• Brief
Pictures stay out, but every line of the data is copied exactly.

• Collected data
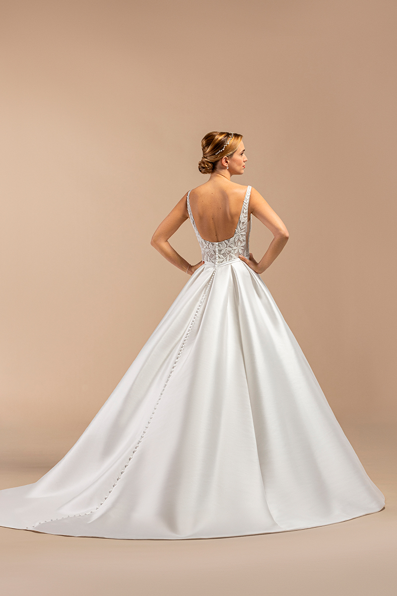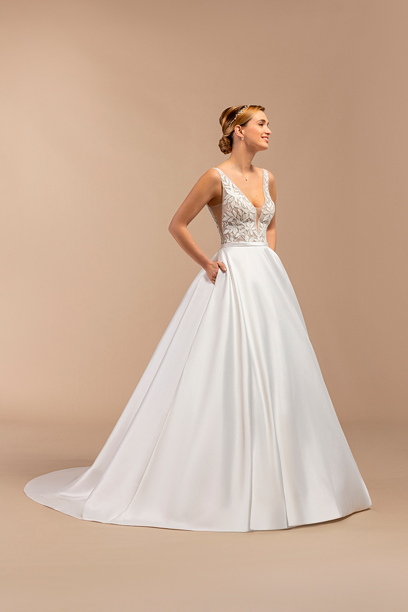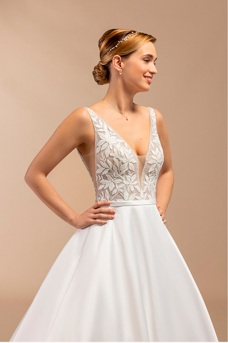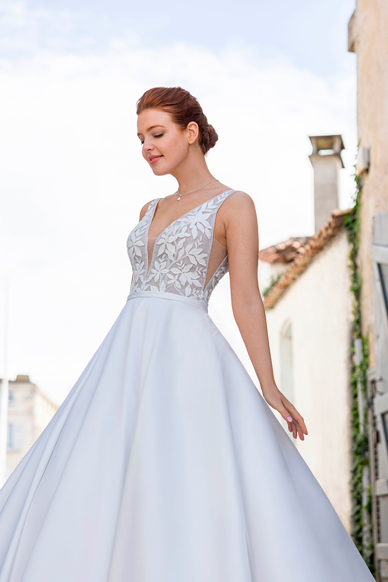Robe de mariée romantique bustier tulle avec application de dentelle et jupe ample en satin
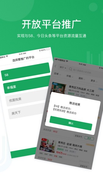 【外部赋能】一键同步58、幸福里、房天下等流量平台;超完善的分享工具;实时结算系统佣金;完善的权证售后体系等。
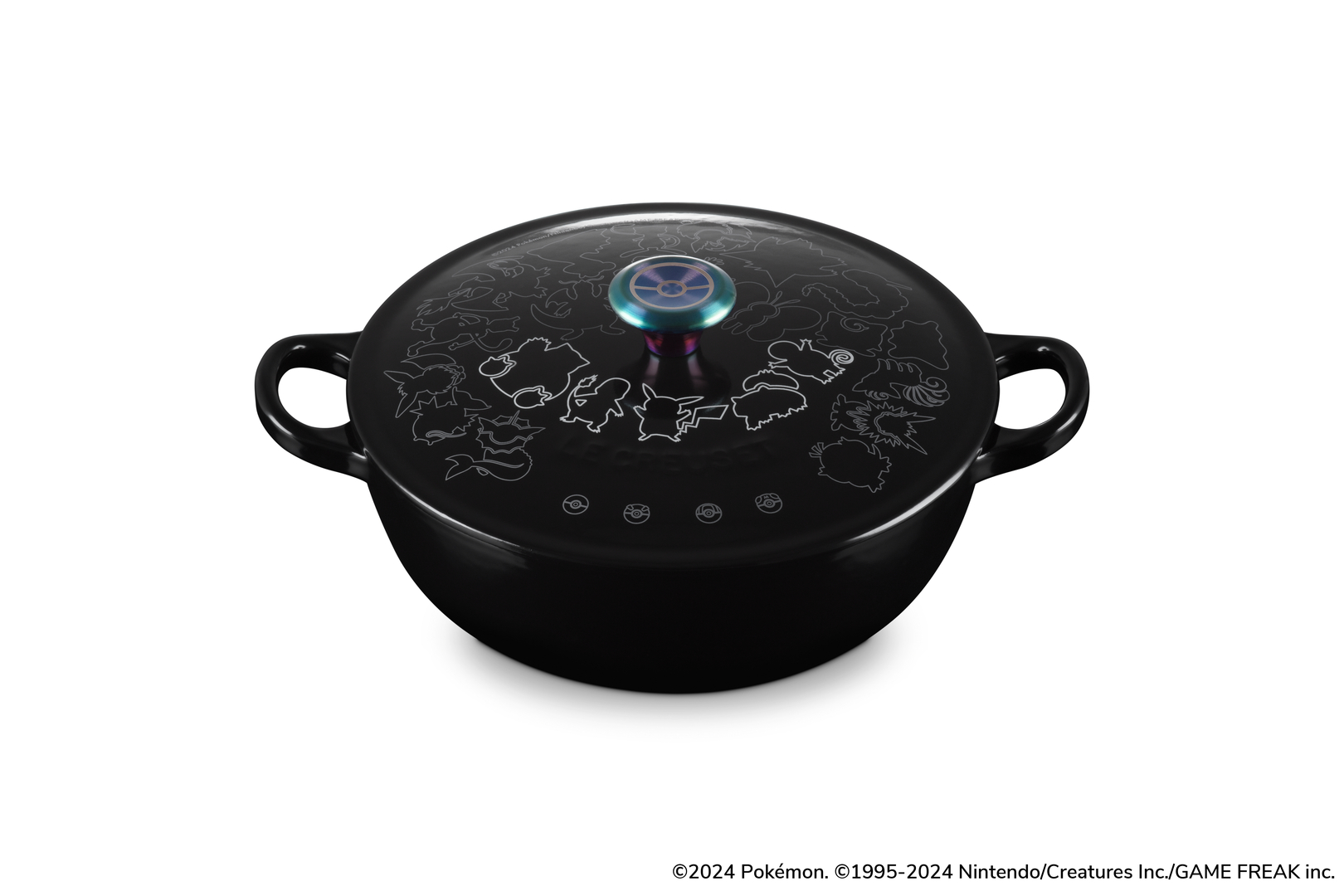 หม้อ “ไชนีแบล็ก” สีโซลิคเฉดเดียว บนฝาตกแต่งอย่างสวยงามด้วยภาพลายเส้นโปเกมอน 23 ตัวและโปเกมอน 4 แบบ เติมลูกเล่นด้วยที่จับที่ออกแบบเป็นรูปไอคอนโปเกมอนสีรุ้งพาสเทล หม้อเหล็กหล่อ Marmite มีรูปทรงมนทำให้ผสมส่วนผสมต่างๆ ในหม้อได้ง่าย เหมาะสำหรับใช้ทำอาหารต้มเคี่ยว รีซอตโต และอื่นๆ

• Response below
Robe de mariée romantique bustier tulle avec application de dentelle et jupe ample en satin
 【外部赋能】一键同步58、幸福里、房天下等流量平台;超完善的分享工具;实时结算系统佣金;完善的权证售后体系等。
 หม้อ “ไชนีแบล็ก” สีโซลิคเฉดเดียว บนฝาตกแต่งอย่างสวยงามด้วยภาพลายเส้นโปเกมอน 23 ตัวและโปเกมอน 4 แบบ เติมลูกเล่นด้วยที่จับที่ออกแบบเป็นรูปไอคอนโปเกมอนสีรุ้งพาสเทล หม้อเหล็กหล่อ Marmite มีรูปทรงมนทำให้ผสมส่วนผสมต่างๆ ในหม้อได้ง่าย เหมาะสำหรับใช้ทำอาหารต้มเคี่ยว รีซอตโต และอื่นๆ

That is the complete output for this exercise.